ABSTRACT: The purpose of the paper is to document experiences of using XSLT and DOM in document transformations. The case environment in the experiments is a fictional company, Poem Publishers, Inc., which publishes Finnish poems on the Web. The paper describes the publishing process, which requires several different schemas for editing, archiving and presentation purposes even for such simple publications as poems. Technical environment is based on Microsoft Tools such as IIS 5.0 Internet Server, MSXML 3.0 parser, ASP 3.0 technology and Internet Explorer 5.5. The paper discusses also discovered problems related to rapidly evolving software products, difficulties with semi-manual parser installation and problems with character encodings and external entities in transformations.

Introduction

XML (eXtensible Markup Language) together with supporting technologies, such as CSS (Cascading Style Sheets) or XSL (eXtensible Stylesheet Language) for adding layout, and XSLT (XSL Transformations) and DOM (Document Object Model) for document transformations, forms a foundation for general multichannel document publishing both on paper and on the Web. In this paper we discuss experiences of a case study, in which the Microsoft technologies and tools [MI01] were used for experimental publishing of poems. Although the technologies seemed to do well for many of the tasks they were needed, it was found in the study that there are still some problems, which hamper the publishing process. The problems were largely due to the immaturity of the tools, for example, the limited level of support for the standards in the tools caused sometimes problems, which forced us to use non-standard solutions.

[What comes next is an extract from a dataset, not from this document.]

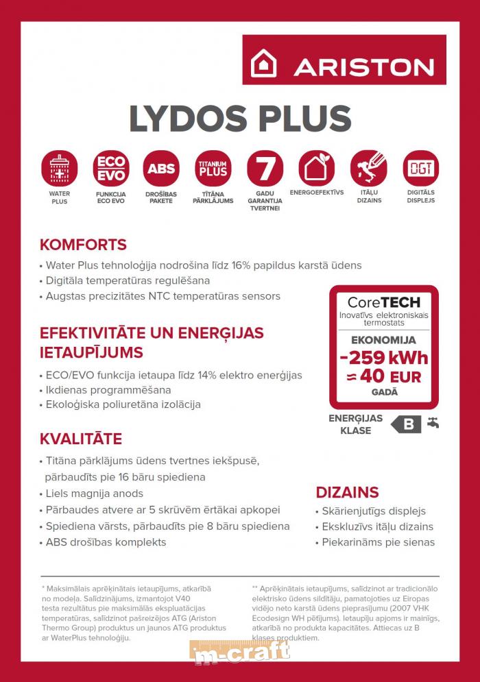Jaunā Ariston sildītāju sērija Lydos, kuru ieprojektēja Umberto Palermo un kas ir saražota Itālijā no visaugstākās kvalitātes materiāliem, ir vienmēr gatava efektīvi un ātri piegādāt vairāk karstā ūdens, salīdzinot ar tāda paša tilpuma standarta ūdens sildītājiem. Atslābinieties un ļaujiet sev atpūsties. Pateicoties jaunajai sildītāju sērijai Lydos, no karstā ūdens plūstošajai baudai nav robežu.

In the following Section we describe Poem Publishers, Inc., and the structure of the poems it publishes. The publishing environment of the company is further explained on Section 3, while in Section 4 we take a look at the transformations in general, and especially in Poem Publishers, Inc. Experiences and problems found during the case study are discussed in Section 5. Finally, in Section 6 we summarize the lessons we learned during the implementation of the publishing system.

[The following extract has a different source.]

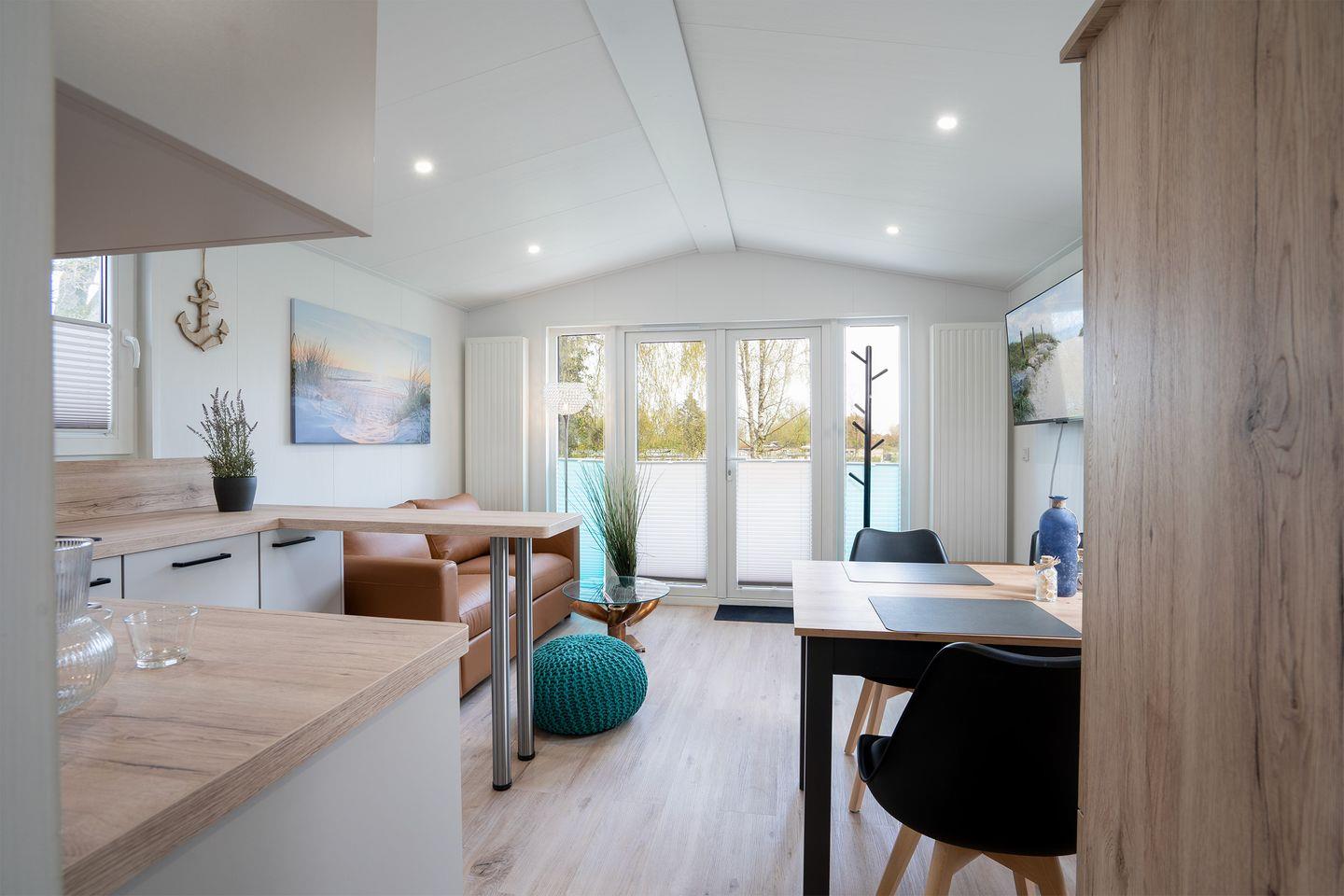 Unsere modernen Häuser bieten auf 40 m² Platz für bis zu 4 Personen. Sie sind ideal für einen entspannten Urlaub mit Freunden, der Familie oder auch für Veranstaltungen geeignet. Falls Sie mehr Platz benötigen, stehen Ihnen auch unsere 6 identisch ausgestatteten Nachbarhäuser zur Verfügung.

Poems for Poem Publishers, Inc.

Poem Publishers, Inc. is a fictional company, whose mission is to publish Finnish poems on WWW (World-Wide Web). The company publishes poems authored by several poets, only requirement is that the form of the poems must be traditional, i.e. no fancy layouts are allowed.

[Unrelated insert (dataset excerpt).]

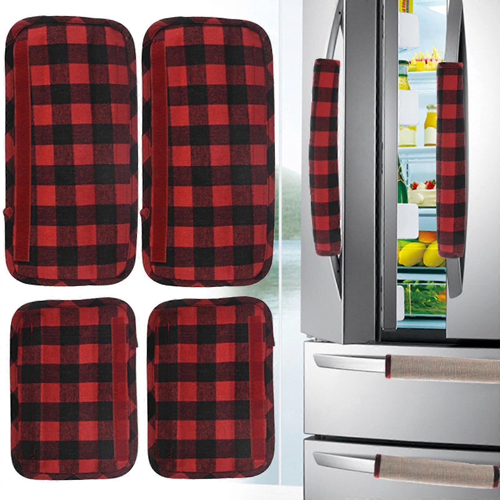 Yakbaofuo Christmas Plaid Refrigerator Handle Set of 4, Red & Black, Compatible with Kitchen Appliances, Microwave, Fridge, Dishwasher Door Handle

The poets are free to use whatever text-processing tool they want while writing their poems. However, Poem Publishers, Inc. recommends some XML editor to be used, because that way the quality of the XML format can be ensured. In order to ensure a smooth publishing process, the Poem Publishers, Inc. has developed an XML DTD (Document Type Definition) of its own, which all the poets should use at least when sending their poems to the company. If they choose to use the same DTD in their authoring the poets can use the authoring environment offered by Poem Publishers, Inc., which is especially designed for XML editor called XMetaL [SQ01]. In the DTD of the Poem Publishers, Inc. there are elements for the title of the poem, name or pseudonym of the poet, link to the poets homepage, and possible graphic. Attributes of the link element are from XLink namespace. The poem itself should consist of one or more verses consisting one or more lines each. The verses can be repeatable if so indicated by an attribute. For now there are three kinds of poems: classic, children's poem, or other. fig01 shows the elements of the Poem.dtd in a graphical form by created by Near & Far Designer 3.0 [OT01].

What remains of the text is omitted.